Announcement

Collapse
No announcement yet.

"Ask ATI" dev thread

Collapse
X
  • Filter
  • Time
  • Show
Clear All
new posts

  • Originally posted by bridgman View Post
    I can't really comment on unreleased products, unfortunately.

    My understanding is that the current F@H implementation uses essentially the same code for 6xx and 7xx parts, so it does not take advantage of LDS/GDS on the 7xx parts. I imagine that's where the discussion of "calculate twice vs store and re-use" comes from.
    It's strange that ATI didn't work with folding@home to fix such a high profile GPGPU application.

    I guess everything will be better and easier to fix when we have both opensource OpenCL implementation, and when (if) folding@home releases their code. Since FAH is based on gromacs, and gromacs is open source, I guess this shouldn't be that impossible. I'll go back to my little hole now, and wait for OpenCL and 57xx, in that order.

    Comment


    • Originally posted by nanonyme View Post
      Why not just ask them to cure cancer while they're at it? And maybe bring world peace too? It's practically impossible to hit every use case every user has in mind. Release versions are always buggy, period. Sure, you can probably stabilize it very far by doing what some enterprise distros do with their software, as in freeze the inclusion of new features for so long users get frustrated, but who would be happy if ATi announced there will be no new features for the next year, only bug fixes? (features including support for new kernels and X.org versions) The only other alternative is that each version has a bit different bugs but all have bugs. (regressions happens)
      O yes Regressions.. catalyst 9.10 beta/ubuntu9.10 release brings the black-skin bug in wine1.1.30/oblivion1.2 AGAIN! catalyst 9-7 fix the bug and now 9.10 is broken again..

      overall... radeon/radeonhd driver is the bugfix for the catalyst...

      Comment


      • When will the documentation for the RS780 series of graphics chips be coming out along with documentation on handling the power management features of these chips.

        Comment


        • Scroll down to the "Chipset Guides and Documentation" section :

          http://developer.amd.com/documentati...s/default.aspx

          Most of the information required for power management is already out there - the main issue is that dynamic power management really needs to be implemented in a KMS-enabled DRM so that the PM code can (a) have access to all the required activity information, and (b) avoid hardware access conflicts between PM code (which needs to be in drm) and modesetting code.

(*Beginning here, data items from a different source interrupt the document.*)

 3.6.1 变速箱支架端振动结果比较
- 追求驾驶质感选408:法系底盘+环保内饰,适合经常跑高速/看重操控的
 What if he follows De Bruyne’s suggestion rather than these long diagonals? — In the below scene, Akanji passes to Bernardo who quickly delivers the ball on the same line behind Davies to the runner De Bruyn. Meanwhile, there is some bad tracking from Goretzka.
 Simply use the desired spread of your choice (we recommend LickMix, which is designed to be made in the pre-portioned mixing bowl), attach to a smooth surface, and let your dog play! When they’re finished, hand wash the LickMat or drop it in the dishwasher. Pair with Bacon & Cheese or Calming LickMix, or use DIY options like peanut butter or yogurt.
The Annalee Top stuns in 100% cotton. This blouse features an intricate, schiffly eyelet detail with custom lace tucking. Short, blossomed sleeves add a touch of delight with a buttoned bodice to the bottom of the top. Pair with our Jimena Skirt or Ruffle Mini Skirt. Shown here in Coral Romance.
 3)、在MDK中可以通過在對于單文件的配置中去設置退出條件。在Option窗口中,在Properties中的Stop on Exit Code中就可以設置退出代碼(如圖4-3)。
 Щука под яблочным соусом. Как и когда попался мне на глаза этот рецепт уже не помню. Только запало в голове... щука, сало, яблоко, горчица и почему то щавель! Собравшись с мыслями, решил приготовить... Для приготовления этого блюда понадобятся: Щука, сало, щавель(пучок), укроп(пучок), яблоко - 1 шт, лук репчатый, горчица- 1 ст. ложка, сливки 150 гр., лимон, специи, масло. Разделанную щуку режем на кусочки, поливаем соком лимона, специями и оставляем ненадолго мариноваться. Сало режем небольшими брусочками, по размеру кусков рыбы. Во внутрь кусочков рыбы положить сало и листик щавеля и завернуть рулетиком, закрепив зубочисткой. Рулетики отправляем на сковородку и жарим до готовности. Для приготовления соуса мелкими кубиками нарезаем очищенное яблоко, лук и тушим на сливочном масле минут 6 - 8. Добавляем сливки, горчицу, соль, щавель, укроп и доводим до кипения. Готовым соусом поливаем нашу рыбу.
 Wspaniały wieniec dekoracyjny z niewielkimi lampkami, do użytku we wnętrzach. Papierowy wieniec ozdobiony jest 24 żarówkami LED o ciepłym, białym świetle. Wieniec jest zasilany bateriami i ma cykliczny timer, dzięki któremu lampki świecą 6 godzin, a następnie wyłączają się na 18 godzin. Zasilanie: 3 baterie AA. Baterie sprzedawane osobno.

The issue there is that a couple of register locations are used for both PM and modesetting functions.

          There are a couple of things we still need to document -- some missing bits in the AtomBIOS power-related tables and the on-chip fan controller for sure. They're next on the list after we get interrupts working on 6xx/7xx.
          Last edited by bridgman; 10-13-2009, 05:52 PM.

          Comment


          • Superscalar vs. VLIW

            I'm not sure this is the right thread, but I think it is better to ask AMD/ATI dev. Various journalists, portals, and forum members all around the internet call ATI R600-R800 architecture Superscalar.

            But, AFAIK the ATI architecture is VLIW, not superscalar. Both superscalar and VLIW ways achieve the same goals. But these implementations are different. Superscalar architecture use HW dependency checking among the instructions. This means the chip is bigger. On the other hand, VLIW use SW depenency checking, so it depends heavily on compiler thus chips can be smaler.

            So, it seems to me, ATI chose the VLIW way (HD5870 has 320 VLIW cores) and nVidia superscalar way (GT200 has 120 superscalar, or 240 scalar cores).

            Do I understand it right? Is it ATI architecture VLIW and relay heavily on compiler to do instruction dependency checking?

            Comment


            • To those of you that asked most of the questions in this thread, it doesn't look like AMD is going to ever finish the formal Q&A... So you can probably stop asking questions.
              Michael Larabel
              http://www.michaellarabel.com/

              Comment


              • Originally posted by next9 View Post
                I'm not sure this is the right thread, but I think it is better to ask AMD/ATI dev. Various journalists, portals, and forum members all around the internet call ATI R600-R800 architecture Superscalar.

                But, AFAIK the ATI architecture is VLIW, not superscalar. Both superscalar and VLIW ways achieve the same goals. But these implementations are different. Superscalar architecture use HW dependency checking among the instructions. This means the chip is bigger. On the other hand, VLIW use SW depenency checking, so it depends heavily on compiler thus chips can be smaler.

                So, it seems to me, ATI chose the VLIW way (HD5870 has 320 VLIW cores) and nVidia superscalar way (GT200 has 120 superscalar, or 240 scalar cores).

                Do I understand it right? Is it ATI architecture VLIW and relay heavily on compiler to do instruction dependency checking?
                Are you Spyhawk on Beyond3D ? I just answered the same question there

                Anyways, most definitions of superscalar include VLIW as a subset. Some distinguish between "static superscalar" (VLIW) and "dynamic superscalar". I haven't found any definitions of superscalar which exclude VLIW but I'm sure they exist.

                ATI GPUs are superscalar via VLIW, or just "VLIW" if you don't consider VLIW to be a subset of superscalar. They do depend on having the shader compiler identify instruction level parallelism, but since most graphics operations deal with 3- or 4-element vectors anyways (pixels are almost always RGBA, vertices and normals are either float3 or float4) you can get decently high ALU utilization even with a simple translator like we use in the r600 mesa driver today. The approach is similar to the vector+scalar ALUs we used in r3xx-r5xx, but more general and so more useful for compute workloads.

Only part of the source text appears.